Instructions to follow.
From the line containing "Azura Exchange Striped" to the line containing "天气很好,有着温绚的冬阳以及" in the records below, set down every line exactly as it stands, both ends included, and skip the pictures.

** Opening Provided entries block **

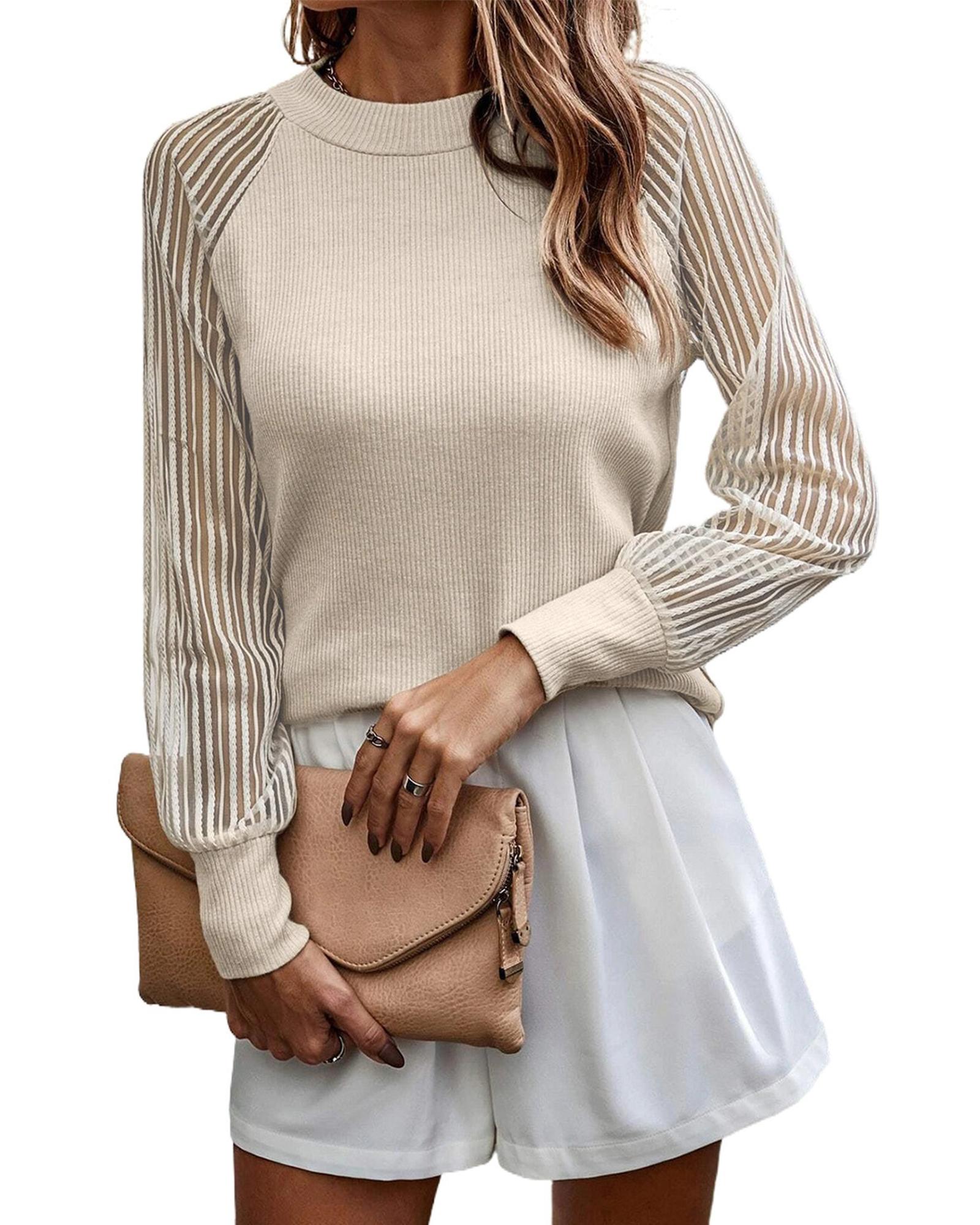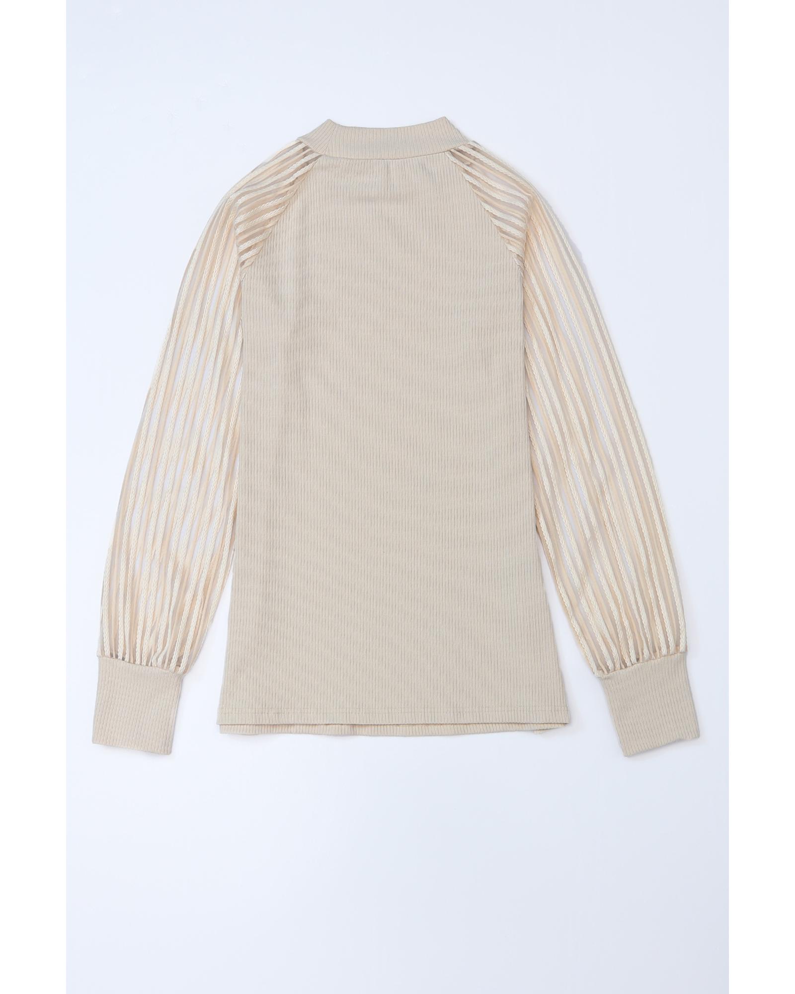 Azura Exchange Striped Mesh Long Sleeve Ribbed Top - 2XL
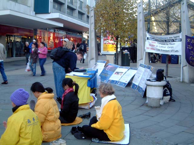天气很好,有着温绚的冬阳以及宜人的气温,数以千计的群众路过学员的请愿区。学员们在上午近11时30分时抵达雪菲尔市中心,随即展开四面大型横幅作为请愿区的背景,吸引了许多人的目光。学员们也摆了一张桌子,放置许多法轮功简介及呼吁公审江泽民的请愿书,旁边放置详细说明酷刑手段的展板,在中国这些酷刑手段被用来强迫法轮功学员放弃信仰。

** Closing Provided entries block **
** Opening Provided entries block **

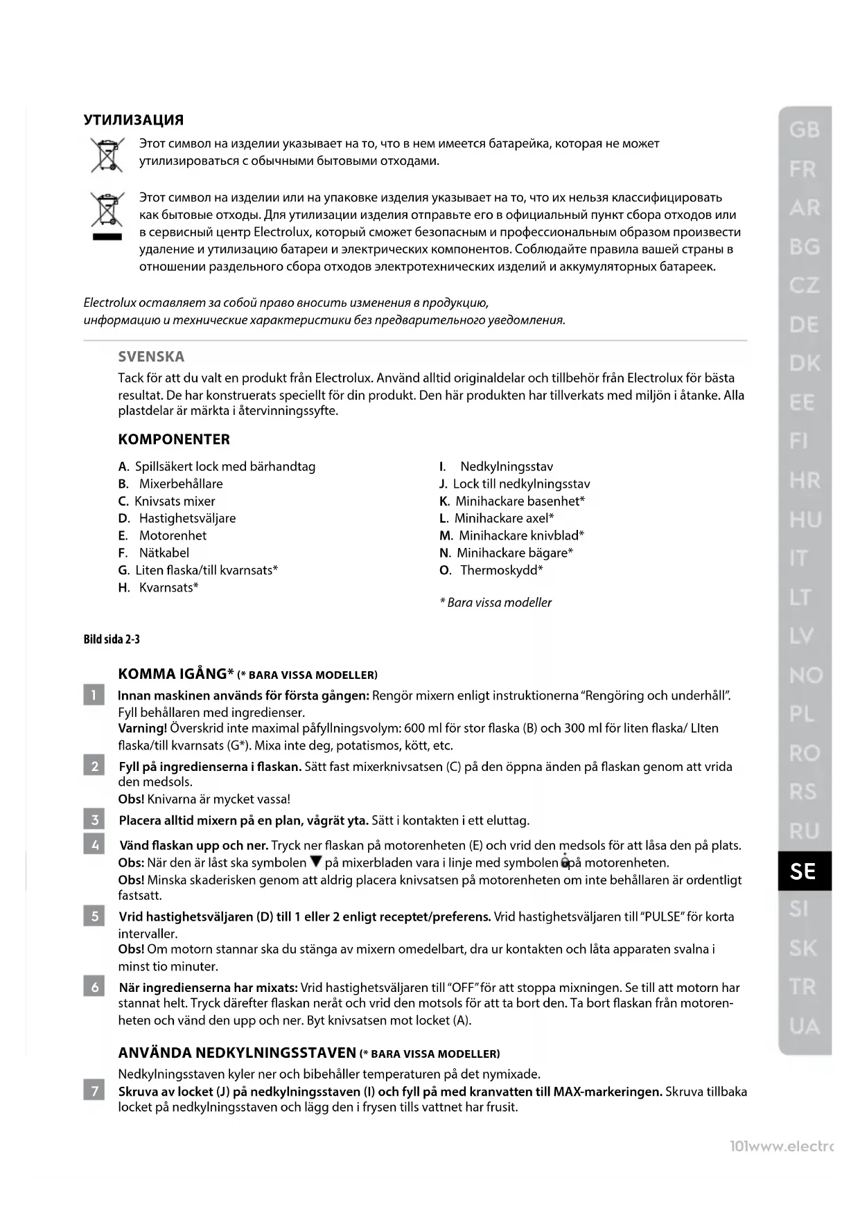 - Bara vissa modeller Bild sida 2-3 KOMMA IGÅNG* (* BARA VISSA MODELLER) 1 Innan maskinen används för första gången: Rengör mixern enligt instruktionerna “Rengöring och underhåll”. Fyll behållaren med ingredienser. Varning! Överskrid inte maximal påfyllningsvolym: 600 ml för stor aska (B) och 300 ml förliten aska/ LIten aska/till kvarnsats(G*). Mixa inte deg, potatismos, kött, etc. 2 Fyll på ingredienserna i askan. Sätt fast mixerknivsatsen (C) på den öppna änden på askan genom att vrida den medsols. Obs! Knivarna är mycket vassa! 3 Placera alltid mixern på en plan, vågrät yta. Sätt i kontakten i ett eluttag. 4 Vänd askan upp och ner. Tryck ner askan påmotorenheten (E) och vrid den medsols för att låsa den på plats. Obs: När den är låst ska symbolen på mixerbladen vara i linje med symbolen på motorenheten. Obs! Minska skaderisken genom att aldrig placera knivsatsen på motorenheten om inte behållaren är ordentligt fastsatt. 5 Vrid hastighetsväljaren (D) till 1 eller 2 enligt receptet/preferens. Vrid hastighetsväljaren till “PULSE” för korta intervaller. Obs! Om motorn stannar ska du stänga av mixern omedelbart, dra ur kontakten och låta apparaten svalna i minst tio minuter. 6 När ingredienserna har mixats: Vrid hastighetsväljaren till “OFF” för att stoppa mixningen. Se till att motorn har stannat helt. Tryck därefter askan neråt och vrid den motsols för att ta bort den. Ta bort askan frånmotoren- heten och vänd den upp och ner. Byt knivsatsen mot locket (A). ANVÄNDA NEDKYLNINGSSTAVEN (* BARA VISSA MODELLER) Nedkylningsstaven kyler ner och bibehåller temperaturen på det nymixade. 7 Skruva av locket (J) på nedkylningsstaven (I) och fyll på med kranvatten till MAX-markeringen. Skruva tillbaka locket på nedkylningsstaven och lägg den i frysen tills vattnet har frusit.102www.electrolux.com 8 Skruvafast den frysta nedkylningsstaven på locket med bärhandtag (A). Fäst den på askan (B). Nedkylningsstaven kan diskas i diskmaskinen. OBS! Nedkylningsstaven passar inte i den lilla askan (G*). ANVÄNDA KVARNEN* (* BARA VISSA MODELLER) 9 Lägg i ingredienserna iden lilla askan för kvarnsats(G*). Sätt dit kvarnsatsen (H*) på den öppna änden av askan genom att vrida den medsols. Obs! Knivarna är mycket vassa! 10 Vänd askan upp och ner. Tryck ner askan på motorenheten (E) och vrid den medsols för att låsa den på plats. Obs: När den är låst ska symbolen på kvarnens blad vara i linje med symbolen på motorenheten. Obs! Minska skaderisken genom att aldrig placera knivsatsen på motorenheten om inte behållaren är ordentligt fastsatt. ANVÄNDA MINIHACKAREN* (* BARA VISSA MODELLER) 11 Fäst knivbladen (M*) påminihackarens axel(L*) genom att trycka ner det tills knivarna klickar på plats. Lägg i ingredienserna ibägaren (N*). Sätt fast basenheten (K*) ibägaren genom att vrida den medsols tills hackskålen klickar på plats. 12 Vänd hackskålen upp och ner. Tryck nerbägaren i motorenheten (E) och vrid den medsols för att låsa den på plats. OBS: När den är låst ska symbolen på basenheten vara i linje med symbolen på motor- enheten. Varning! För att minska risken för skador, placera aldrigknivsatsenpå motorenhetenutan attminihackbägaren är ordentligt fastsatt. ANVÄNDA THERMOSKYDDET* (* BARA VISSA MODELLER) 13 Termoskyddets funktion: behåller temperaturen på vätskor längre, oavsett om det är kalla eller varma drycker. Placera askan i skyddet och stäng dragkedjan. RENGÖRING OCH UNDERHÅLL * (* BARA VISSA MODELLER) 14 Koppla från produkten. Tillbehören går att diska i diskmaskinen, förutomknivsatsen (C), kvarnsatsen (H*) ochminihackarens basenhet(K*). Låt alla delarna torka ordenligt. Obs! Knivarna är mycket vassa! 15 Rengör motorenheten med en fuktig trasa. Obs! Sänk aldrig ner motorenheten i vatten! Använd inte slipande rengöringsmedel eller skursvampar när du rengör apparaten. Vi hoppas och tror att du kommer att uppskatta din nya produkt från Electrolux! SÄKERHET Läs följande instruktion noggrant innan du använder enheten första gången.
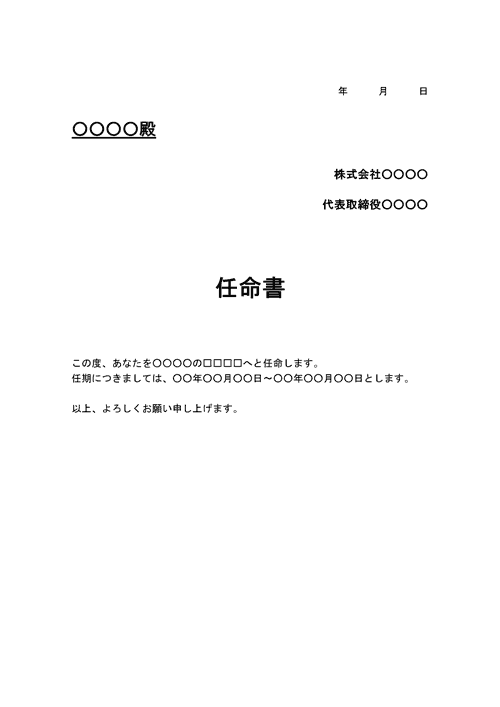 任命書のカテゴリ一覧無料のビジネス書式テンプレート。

** Closing Provided entries block **

Reply.
 Azura Exchange Striped Mesh Long Sleeve Ribbed Top - 2XL
天气很好,有着温绚的冬阳以及宜人的气温,数以千计的群众路过学员的请愿区。学员们在上午近11时30分时抵达雪菲尔市中心,随即展开四面大型横幅作为请愿区的背景,吸引了许多人的目光。学员们也摆了一张桌子,放置许多法轮功简介及呼吁公审江泽民的请愿书,旁边放置详细说明酷刑手段的展板,在中国这些酷刑手段被用来强迫法轮功学员放弃信仰。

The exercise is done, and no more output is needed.